● WHAT YOU NEED TO DO:
For this exercise, output the entries below exactly from the line that holds "4 操作篇 4-14 数据制作步骤" to the line that holds "Which three actions", both ends included. No pictures belong in the copy.

PROVIDED DATA Start Marker

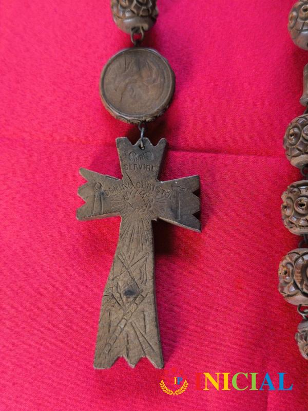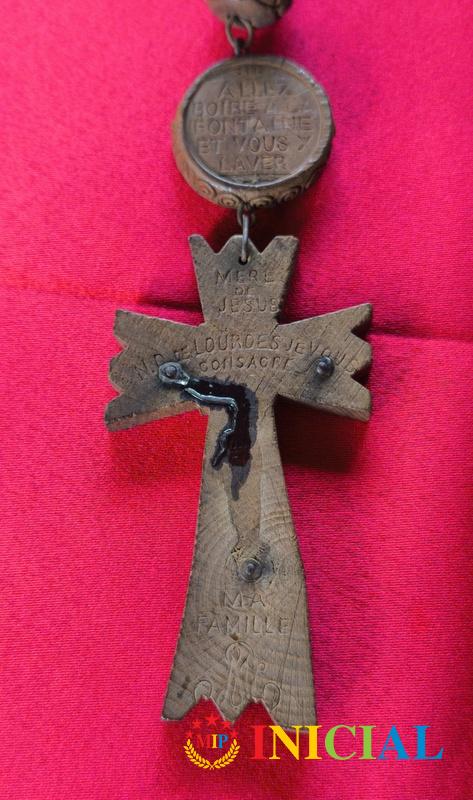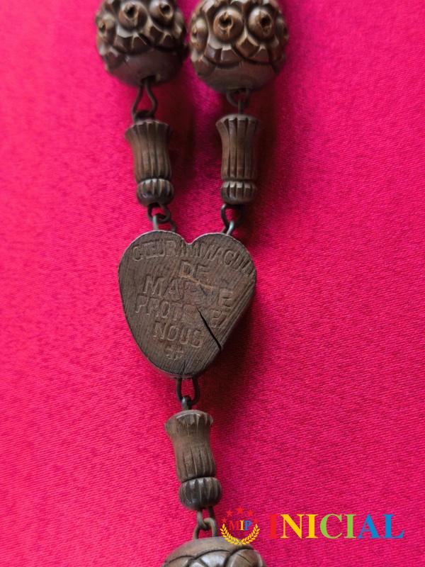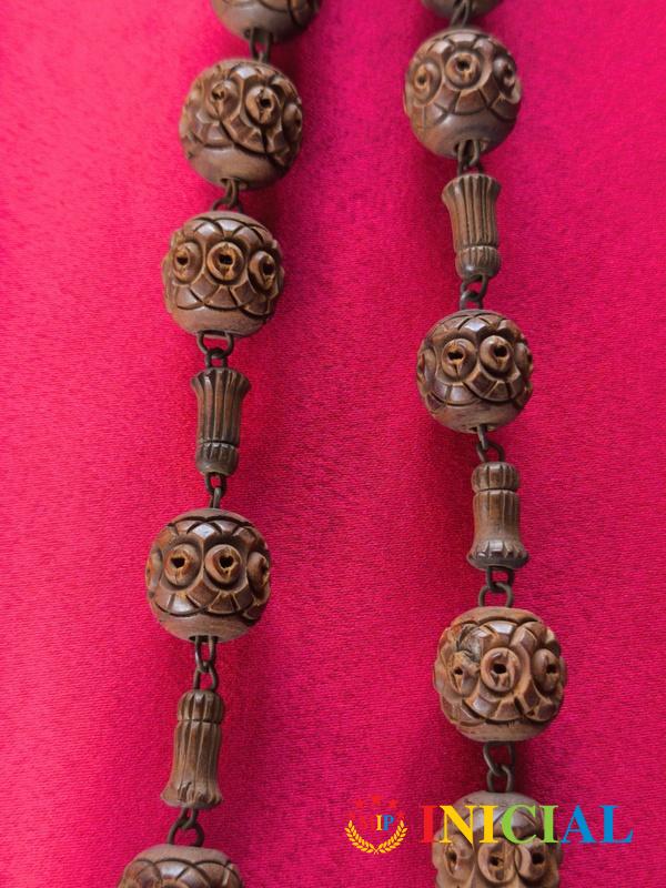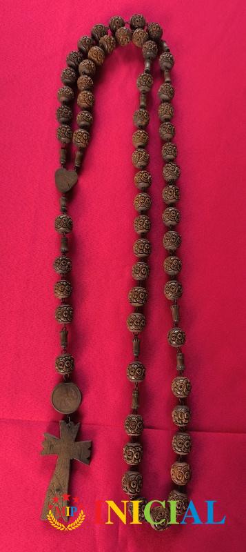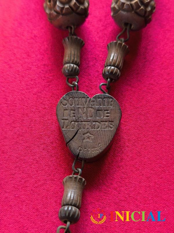 Francuska katolicka brojanica iz Lurda,sa drvenim rezbarenim kuglicama (p-20mm),duz.115cm,na krsticu je miro.
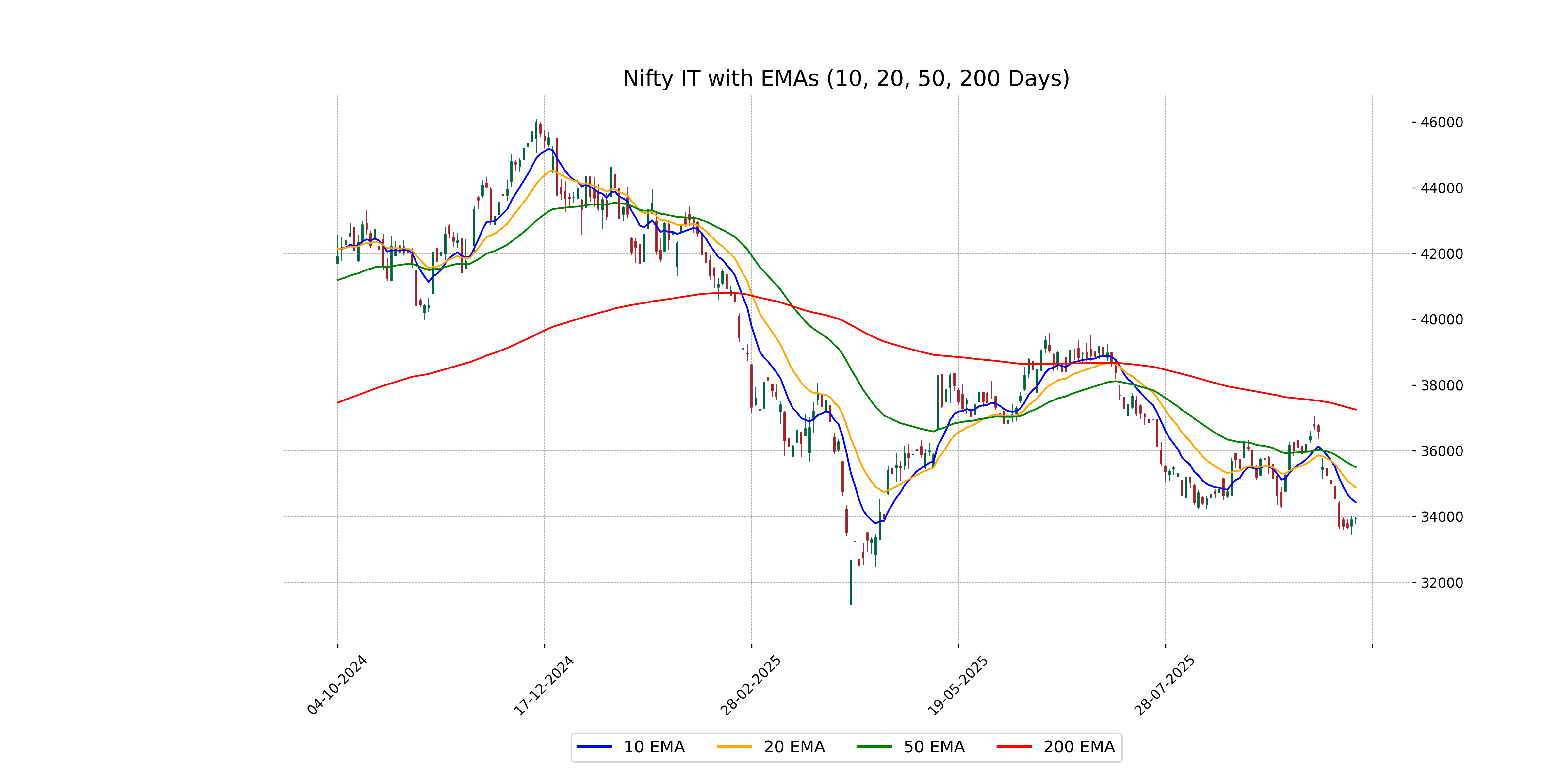 The Nifty IT index closed at 33,949.75, which is below its 10-day, 20-day, 50-day, and 200-day exponential moving averages (EMAs) of 34,431.12, 34,884.57, 35,506.40, and 37,251.82 respectively. This positioning suggests a bearish trend as the index is trading below key moving average levels.
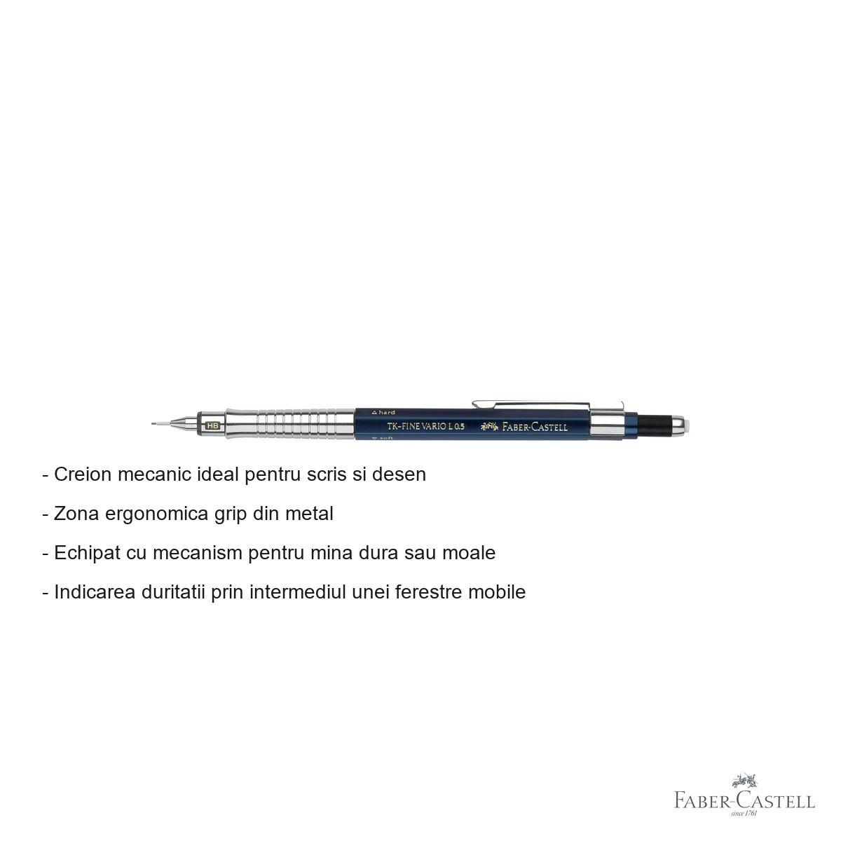Pentru profesionistii care lucreaza cu desene tehnice, schite arhitecturale sau au nevoie de precizie maxima in scris, creionul mecanic reprezinta un instrument indispensabil. Modelul TK-Fine Vario L de la Faber-Castell combina traditia brandului german cu tehnologie moderna, oferind un instrument de scris si desenat care se adapteaza perfect nevoilor dumneavoastra.
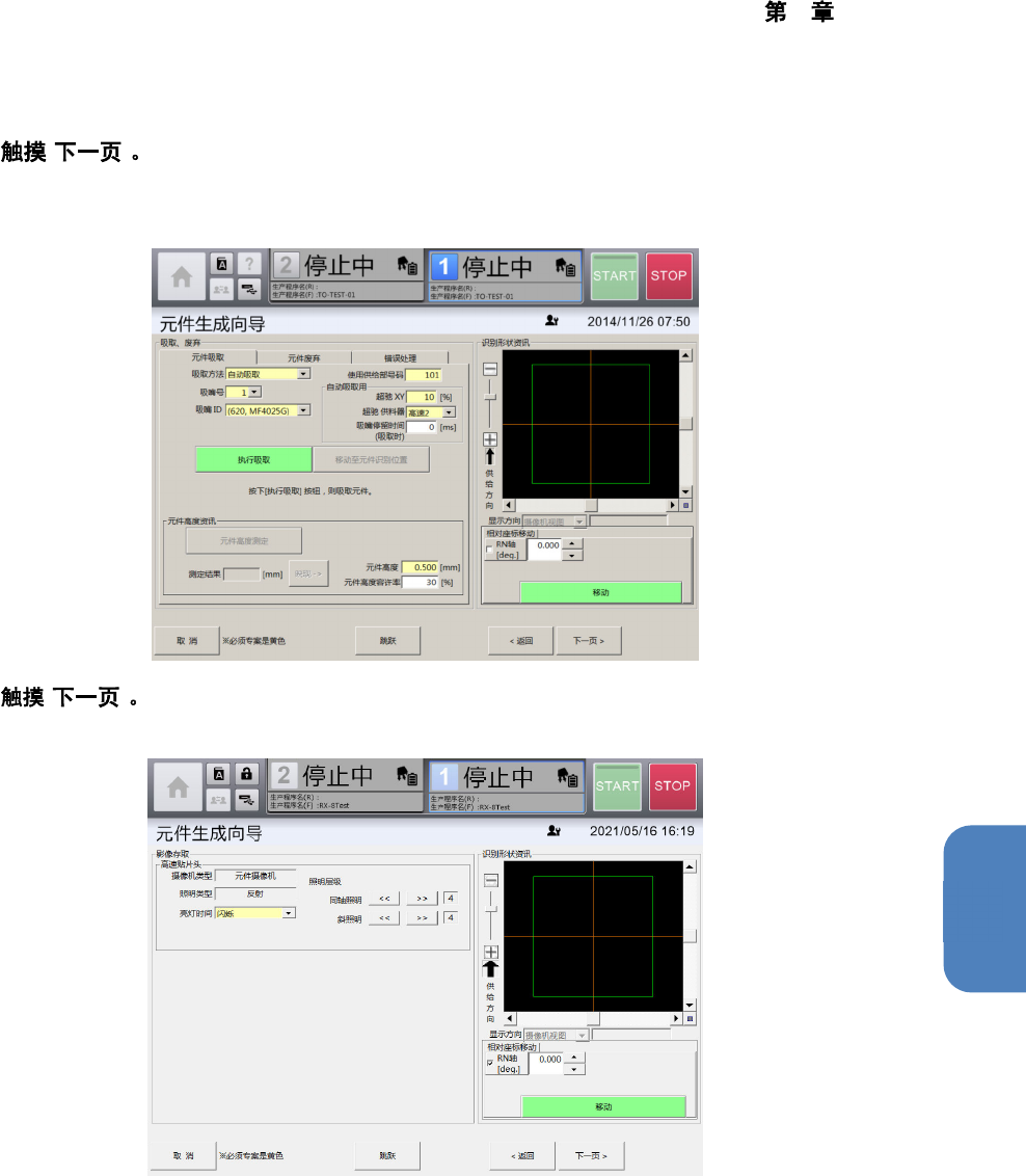 4 操作篇 4-14 数据制作步骤 313 4 7 [ ] 显示 [ 吸取、废弃 ] 画面。 以摄像机图像为基础制作、编辑元件 数据时,应使 吸嘴吸取元件。 8 [ ] 显示[影像存取]画面。
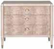 Bleached Flat Cut Mahogany Veneers and Solids, Six Drawers, Lacquered Natural Brass Hardware and Ferrules. C. BROOKLYN CHAIR V916-CH (W 25 D 35 H 33) Fabric: Vinny Oat. Metal Frame in standard Faux Bois Luxe Finish (metal finish options available with upcharge) . Shown with one extra MP144 pillow in Oliver Dusk (additional charge)
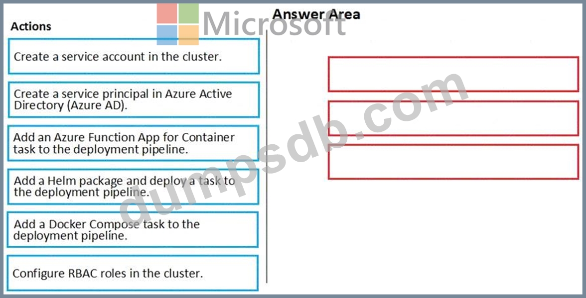 Which three actions should you perform in sequence? To answer, move the appropriate actions from the list of actions to the answer area and arrange them in the correct order.
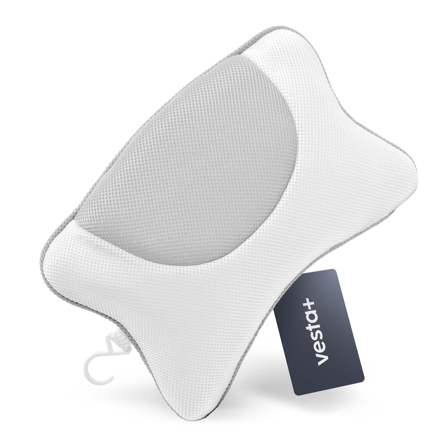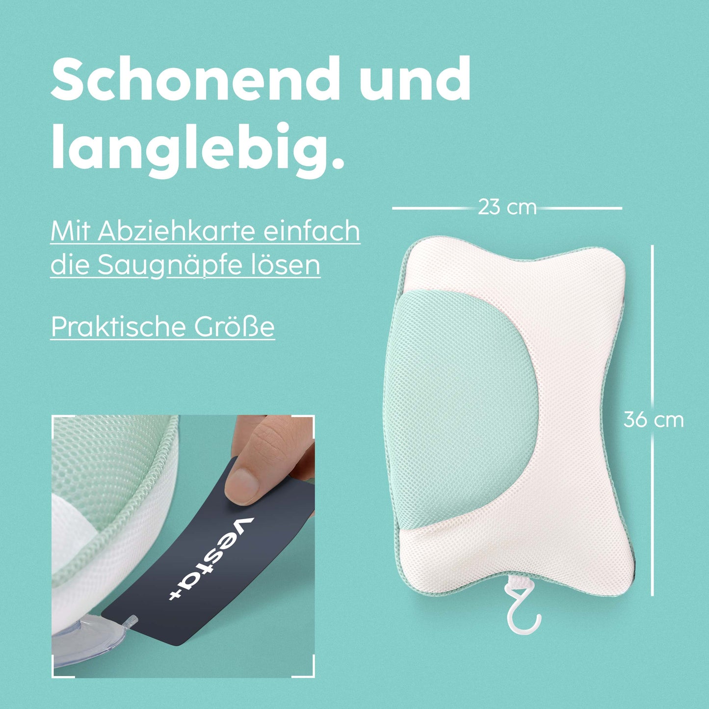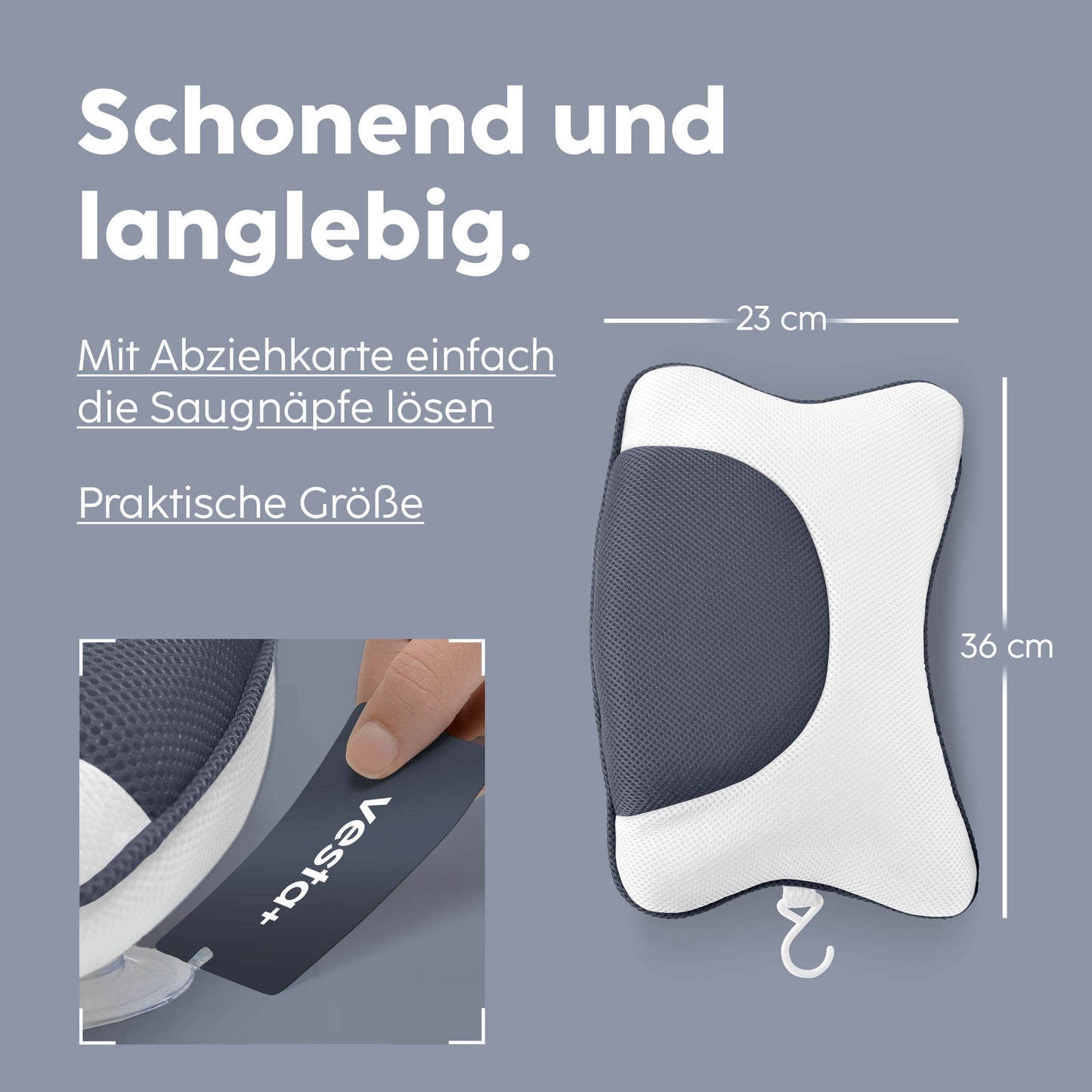 Das mittlere Badewannenkissen von vesta+ vereint Komfort und Funktionalität in perfekter Balance. Seine ergonomische Form bietet eine gezielte Nackenunterstützung, sodass Sie sich beim Baden vollkommen entspannen können. Unser mittelgroßes Badekissen ist aus hautfreundlichem, weichem Material gefertigt und passt sich optimal Ihrer Kopfform an. Dank sechs stabiler Saugnäpfe bleibt es zuverlässig an Ort und Stelle – für ein sicheres und entspanntes Badeerlebnis.

PROVIDED DATA End Marker

● YOUR SOLUTION:
 4 操作篇 4-14 数据制作步骤 313 4 7 [ ] 显示 [ 吸取、废弃 ] 画面。 以摄像机图像为基础制作、编辑元件 数据时,应使 吸嘴吸取元件。 8 [ ] 显示[影像存取]画面。
 Bleached Flat Cut Mahogany Veneers and Solids, Six Drawers, Lacquered Natural Brass Hardware and Ferrules. C. BROOKLYN CHAIR V916-CH (W 25 D 35 H 33) Fabric: Vinny Oat. Metal Frame in standard Faux Bois Luxe Finish (metal finish options available with upcharge) . Shown with one extra MP144 pillow in Oliver Dusk (additional charge)
 Which three actions should you perform in sequence? To answer, move the appropriate actions from the list of actions to the answer area and arrange them in the correct order.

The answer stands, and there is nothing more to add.